§ Exercise directions
Nothing but the text of the records should come back; copy it exactly and leave the pictures out.

(Records from a data collection)
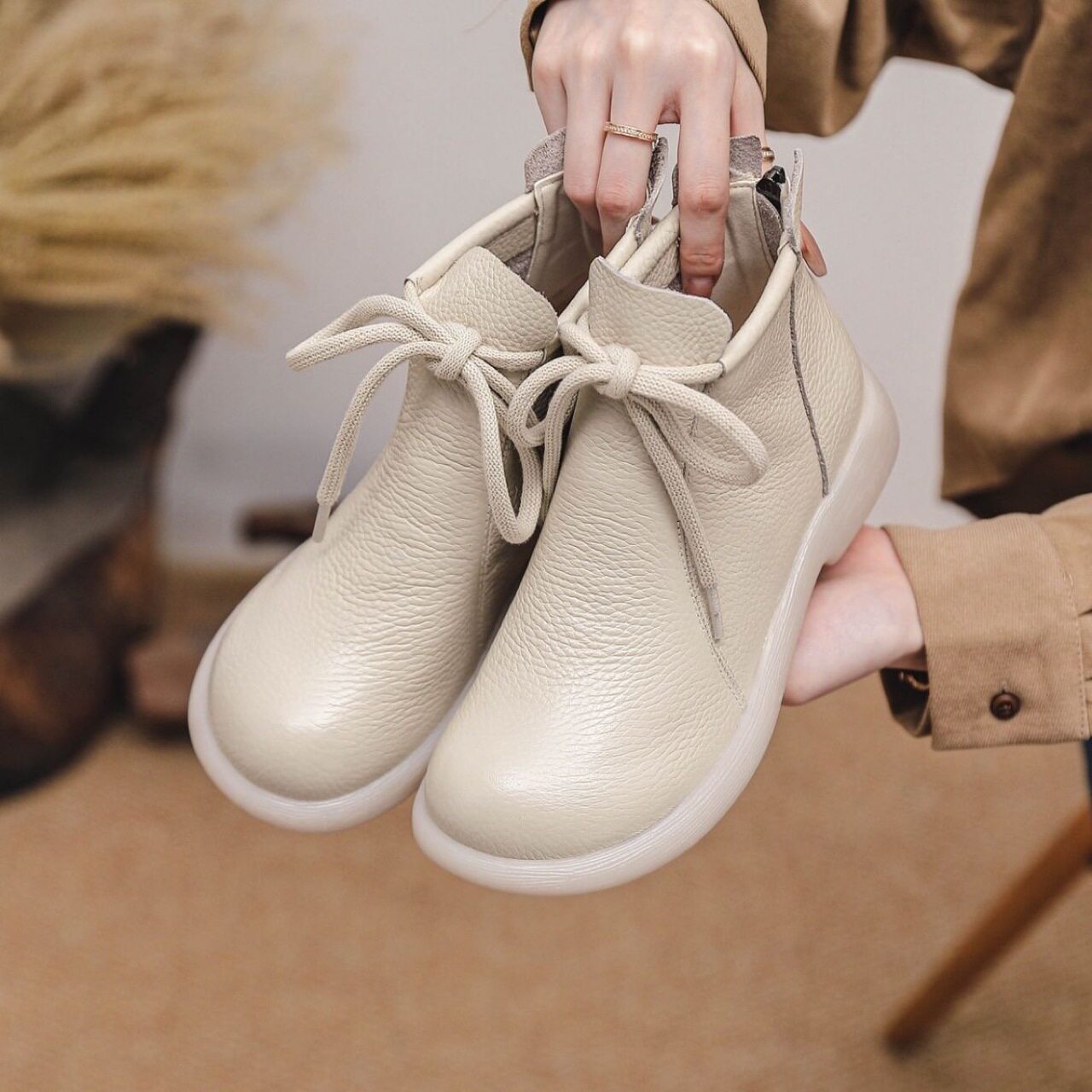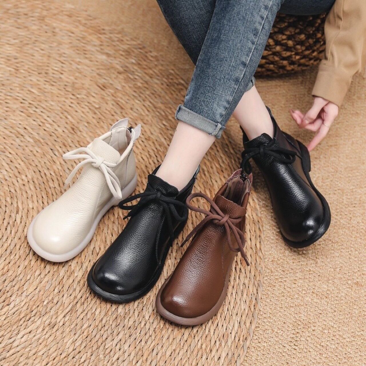2026新款马丁靴头层牛皮软底妈妈鞋系带真皮女鞋超软单鞋深口短靴
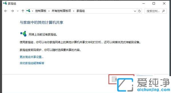 第三步:现在我们看到的就是【家庭组】窗口了,鼠标点击最下方的【创建家庭组】。
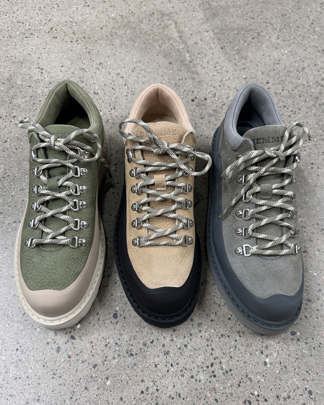 巴黎时装周将近,与 DIEMME 合作密切的 HIKING PATROL 于稍早前释出了前者 2026 春夏系列的部分鞋款图片:Movida 首次以长绒麂皮材质演绎;设计灵感源自经典的 90 年代水袜的 Pantelleria 除了迎来更多配色,还在保留相同鞋底的基础上衍生出了适应更多季节的全新版本——鞋面组合质感差异明显的皮革;Roccia Vet Gomma、Cornaro Due Gomma 等品牌标志性轮廓则以拼色形成呈现,各位不妨瞩目。
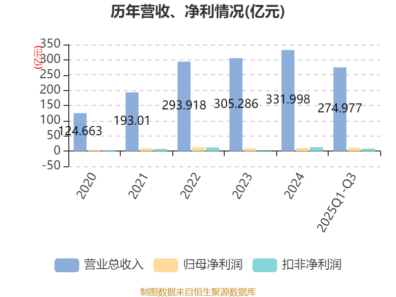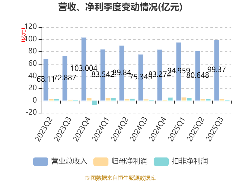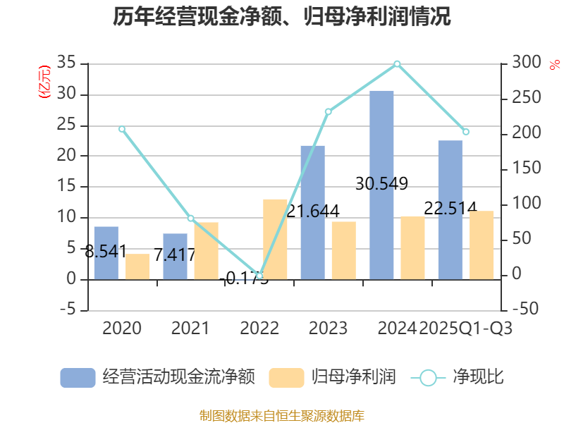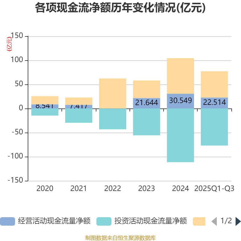 2025年前三季度,公司经营活动现金流净额为22.51亿元,同比增长9.7%;筹资活动现金流净额54.63亿元,同比增加10.48亿元;投资活动现金流净额-76.99亿元,上年同期为-85.79亿元。
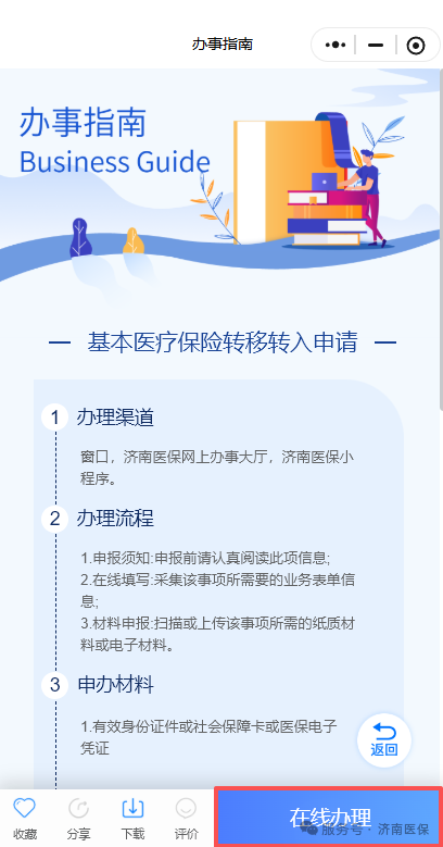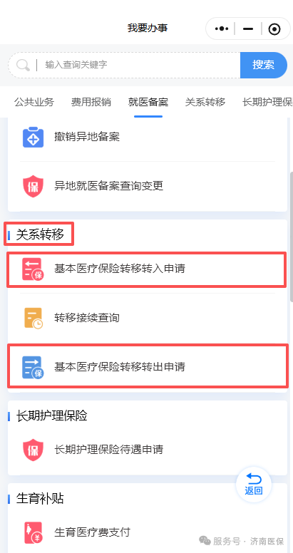 1.搜索“济南医保”微信或支付宝小程序,进入后点击“我要办事→基本医疗保险转移转出(或转入)申请”;
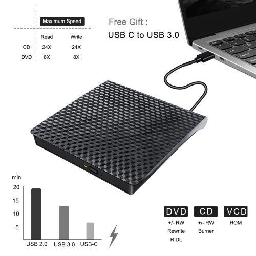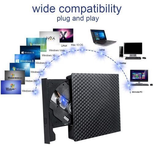 【Optical Drive】External cd drive works with Windows 10/7/8/Mac OSX/XP/Vista,all Version MAC OS.Specially designed to compatible with Apple/Mac/MacBood Pro/Air/Samsung/ASUS/Dell/Sony/Acer and other Ultrabook, Netbook or Laptop/PC without internal drive But with USB C or USB 3.0 interfaces.
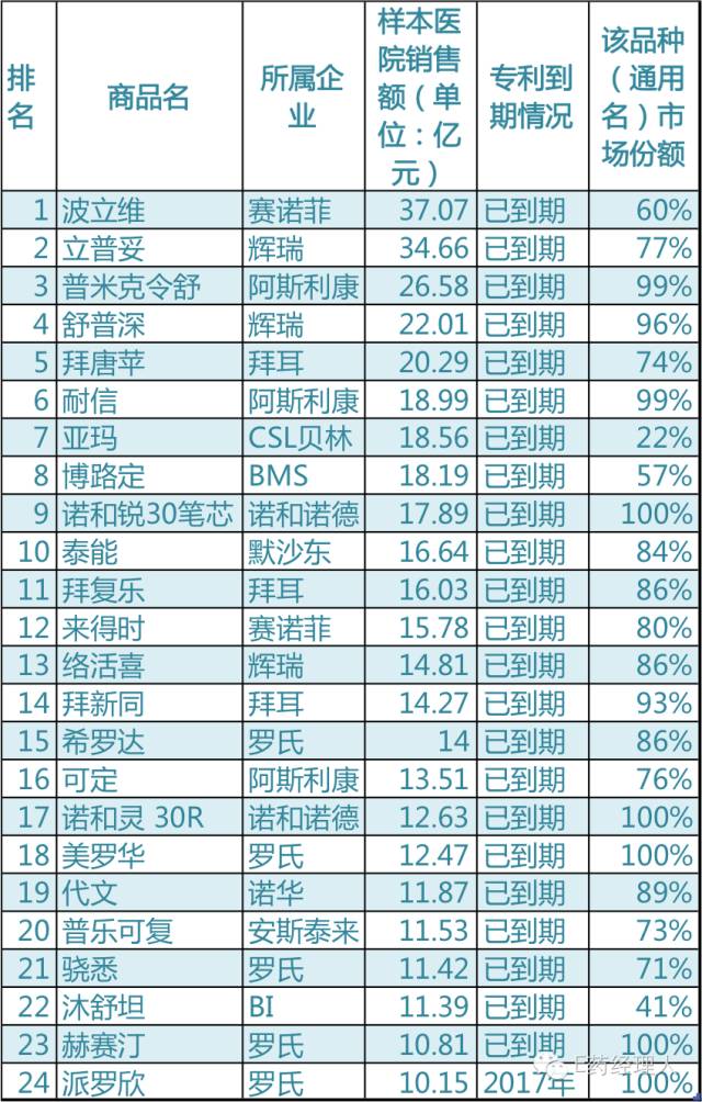 中國(guó)銷售額排名前100的藥品中,26個(gè)來自跨國(guó)藥企,25個(gè)是過了專利期的原研藥,其中24個(gè)過10億元單品,這24個(gè)產(chǎn)品的總銷售額約為411.55億元,沒有懸念排在首位的是賽諾菲的波立維。

§ Solved problem
2026新款马丁靴头层牛皮软底妈妈鞋系带真皮女鞋超软单鞋深口短靴
 第三步:现在我们看到的就是【家庭组】窗口了,鼠标点击最下方的【创建家庭组】。
 巴黎时装周将近,与 DIEMME 合作密切的 HIKING PATROL 于稍早前释出了前者 2026 春夏系列的部分鞋款图片:Movida 首次以长绒麂皮材质演绎;设计灵感源自经典的 90 年代水袜的 Pantelleria 除了迎来更多配色,还在保留相同鞋底的基础上衍生出了适应更多季节的全新版本——鞋面组合质感差异明显的皮革;Roccia Vet Gomma、Cornaro Due Gomma 等品牌标志性轮廓则以拼色形成呈现,各位不妨瞩目。
 2025年前三季度,公司经营活动现金流净额为22.51亿元,同比增长9.7%;筹资活动现金流净额54.63亿元,同比增加10.48亿元;投资活动现金流净额-76.99亿元,上年同期为-85.79亿元。
 1.搜索“济南医保”微信或支付宝小程序,进入后点击“我要办事→基本医疗保险转移转出(或转入)申请”;
 【Optical Drive】External cd drive works with Windows 10/7/8/Mac OSX/XP/Vista,all Version MAC OS.Specially designed to compatible with Apple/Mac/MacBood Pro/Air/Samsung/ASUS/Dell/Sony/Acer and other Ultrabook, Netbook or Laptop/PC without internal drive But with USB C or USB 3.0 interfaces.
 中國(guó)銷售額排名前100的藥品中,26個(gè)來自跨國(guó)藥企,25個(gè)是過了專利期的原研藥,其中24個(gè)過10億元單品,這24個(gè)產(chǎn)品的總銷售額約為411.55億元,沒有懸念排在首位的是賽諾菲的波立維。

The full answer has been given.